*** Block opens ***
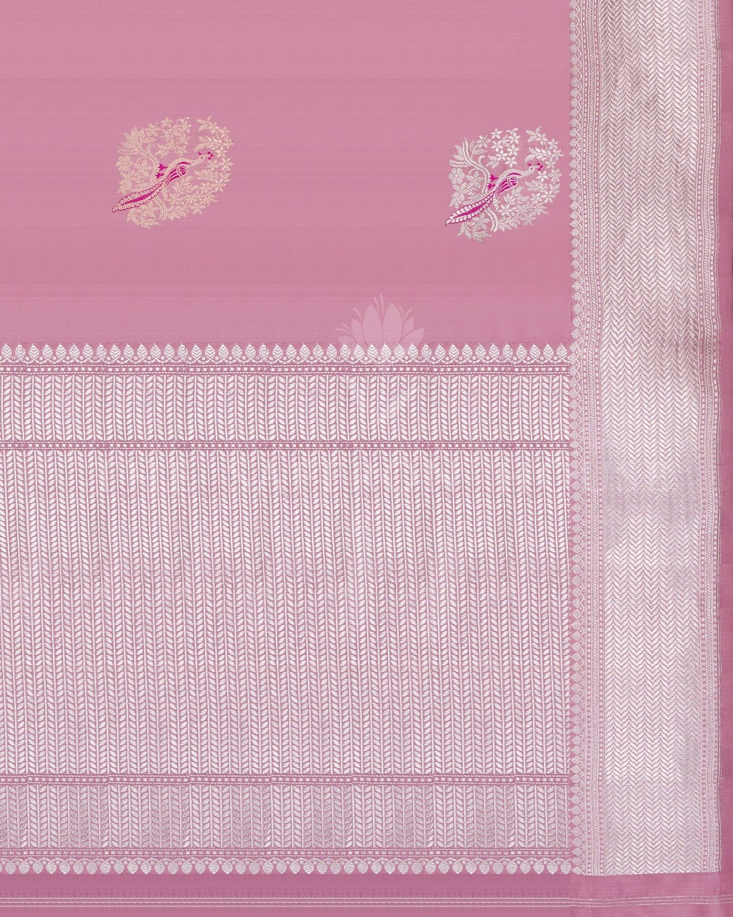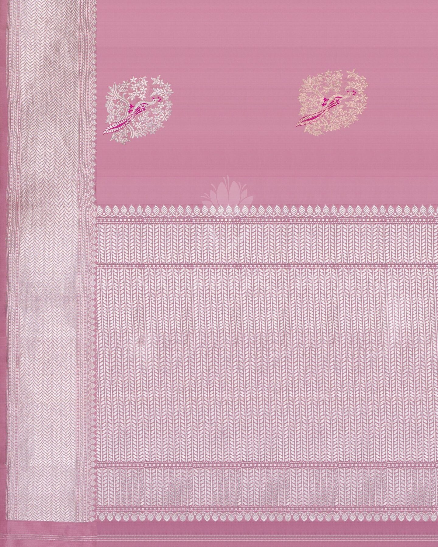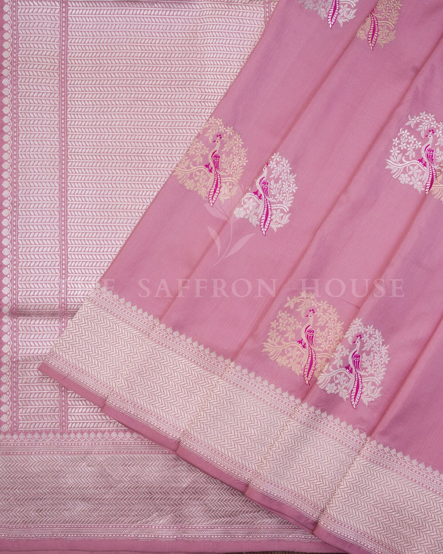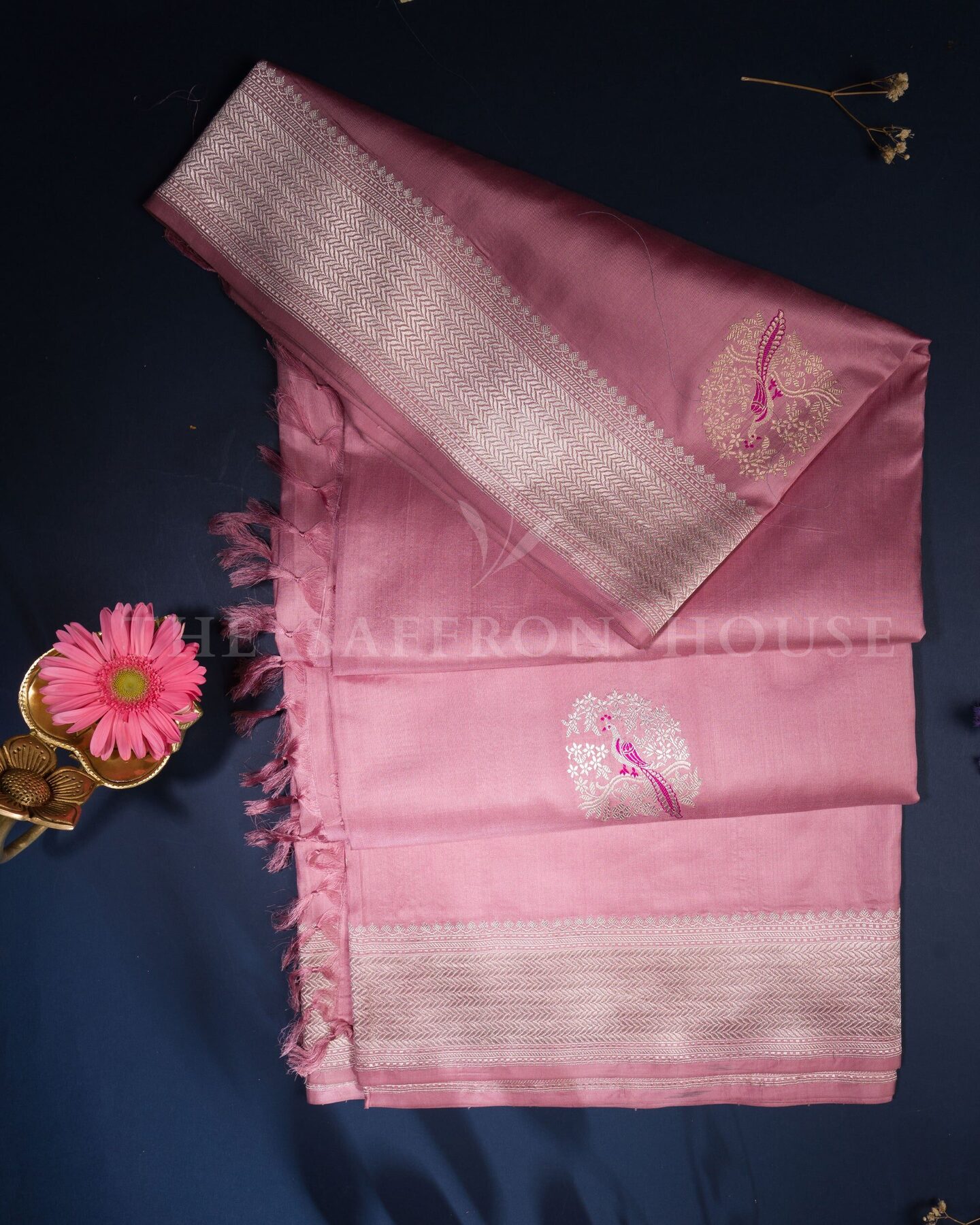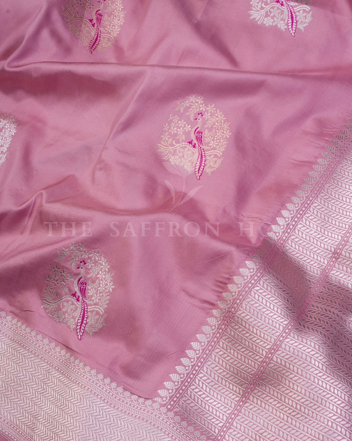 Some colours hold memory. Rose — radiant in its own quiet way — becomes something entirely new when woven into pure Kanjivaram silk. This Handwoven saree carries that colour with quiet authority and grace.
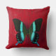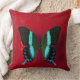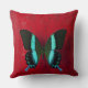 Coussin Papillon noir et bleu sur le mur rouge
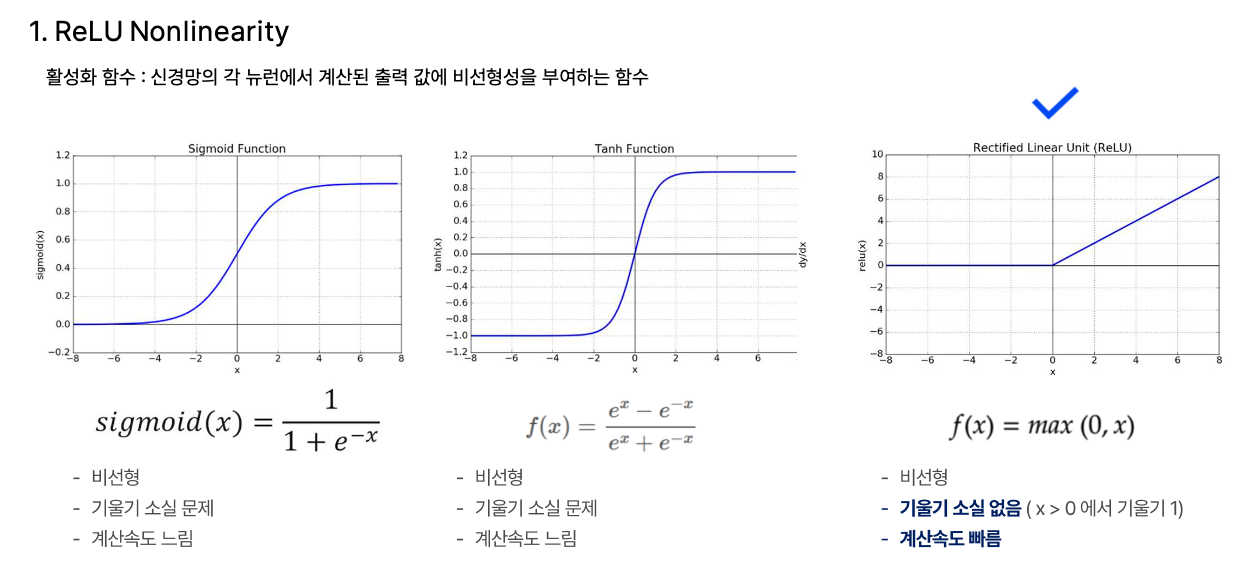 ReLU는 “깊은 모델은 학습이 느리다”라는 전제를 깨기 위한 선택으로 보였다. 시그모이드류의 포화 문제를 피해서, 큰 모델을 “학습 가능한 대상”으로 바꿔 놓는 역할을 했다.
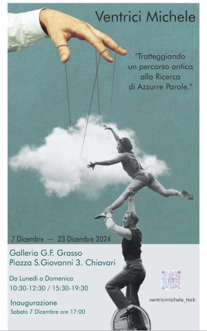 La mostra si terrà presso la Galleria G.F. Grasso, in Piazza San Giovanni 3 a Chiavari dal 7 dicembre al 23 dicembre 2024.
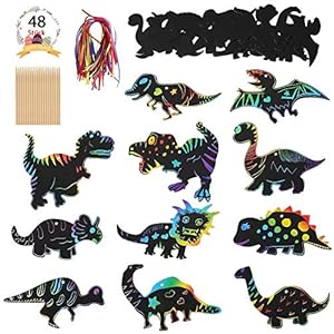 LIZHIGE Kratzbild Kratzpapier, 48 Stück Kinder DIY Kratzpapier mit 12 Stück Holzstiften und 48 Bändern, Dinosaurier…
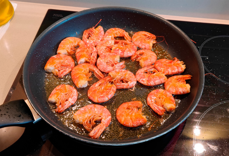 Что-то мы давненько креветок не делали, подумал я. Ну, не проблема ни разу - купил в "Меркадоне" двухкилограммовую упаковку свежезамороженных аргентинских (они большие и вкусные).
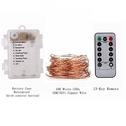 LED String Lights Battery Operated,33ft 100 LED Waterproof Decorative Lights,Starry Fairy Lights with Remote for Christmas Bedroom Patio Yard, Wedding,Parties(Copper Wire Lights, Warm White)
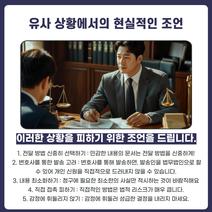 – 증거를 직접 보내는 건 고의로 인정될 위험이 매우 큽니다.감정에 휘둘리지 않기
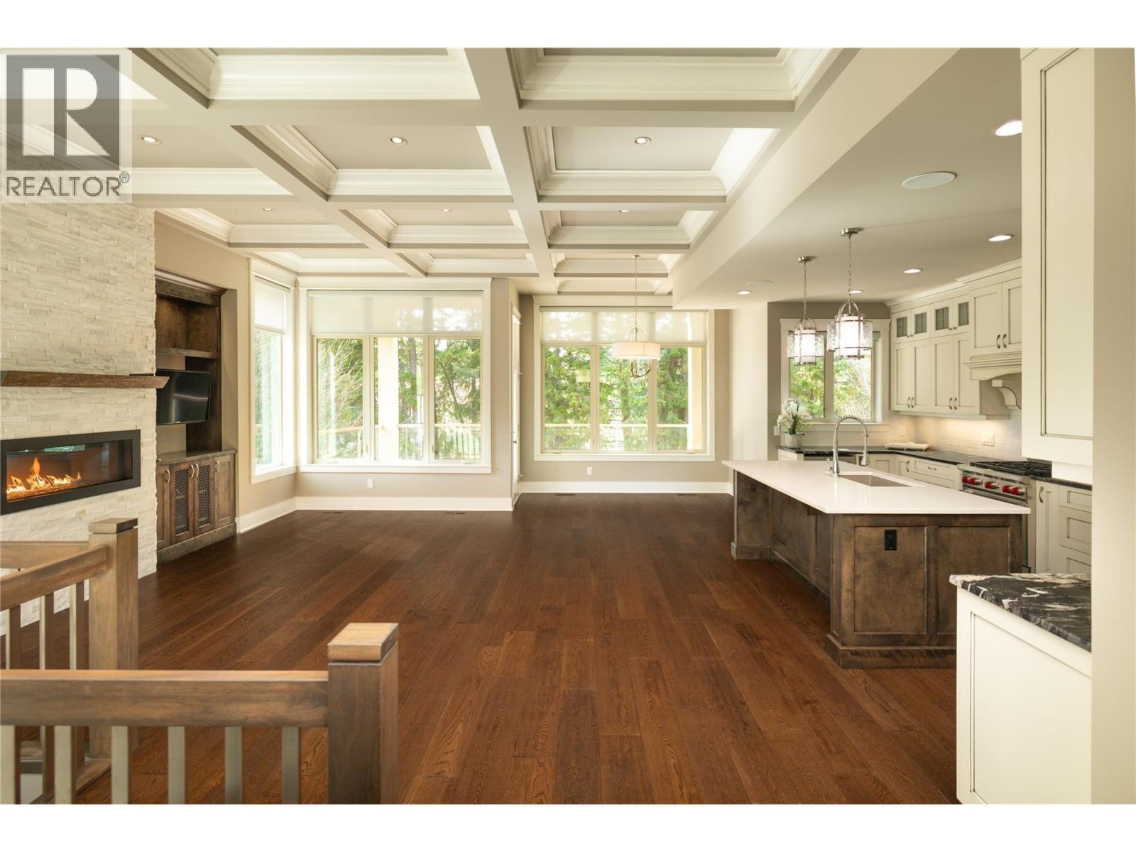 Set within the sought-after community of Gallaghers Canyon, this beautifully finished home offers timeless design, thoughtful upgrades, and a private setting surrounded by mature greenery. Striking curb appeal with stone and Hardie siding, a covered entry, and a charming front patio welcomes you in. Inside, tall ceilings and coffered detailing create a refined feel throughout. The kitchen blends style and function with classic white cabinetry, large island, Wolf range, and walk-in pantry. The living room centres around a floor-to-ceiling stone fireplace with custom built-ins, while a main floor office/den with custom ceiling detail adds versatility. The primary suite is a true retreat with crown moulding accents, designer wallpaper, and a well-appointed ensuite featuring dual sinks, a soaker tub, and walk-in shower. Cohesive cabinetry and finishes carry throughout the home. The lower level is designed for entertaining, offering a spacious recreation area, family room with built-ins, and a stunning wet bar with storage. Walk out to a covered patio overlooking private, lush greenspace. Two additional bedrooms and a full bathroom complete the space. Low-maintenance landscaping, built-in speakers, and electric blinds add to the home’s comfort and convenience. Enjoy the Gallaghers lifestyle with access to golf, fitness centre, indoor pool, tennis courts, clubhouse, and scenic walking trails—just minutes from everyday amenities. (id:58842)
*** Block closes ***
▶ _YOUR ASSIGNMENT_:
Skip the pictures, please, and transcribe only the lines from the beginning of the material through the one that contains "La mostra si".

▶ _REPLY TO THE TASK_:
 Some colours hold memory. Rose — radiant in its own quiet way — becomes something entirely new when woven into pure Kanjivaram silk. This Handwoven saree carries that colour with quiet authority and grace.
 Coussin Papillon noir et bleu sur le mur rouge
 ReLU는 “깊은 모델은 학습이 느리다”라는 전제를 깨기 위한 선택으로 보였다. 시그모이드류의 포화 문제를 피해서, 큰 모델을 “학습 가능한 대상”으로 바꿔 놓는 역할을 했다.
 La mostra si terrà presso la Galleria G.F. Grasso, in Piazza San Giovanni 3 a Chiavari dal 7 dicembre al 23 dicembre 2024.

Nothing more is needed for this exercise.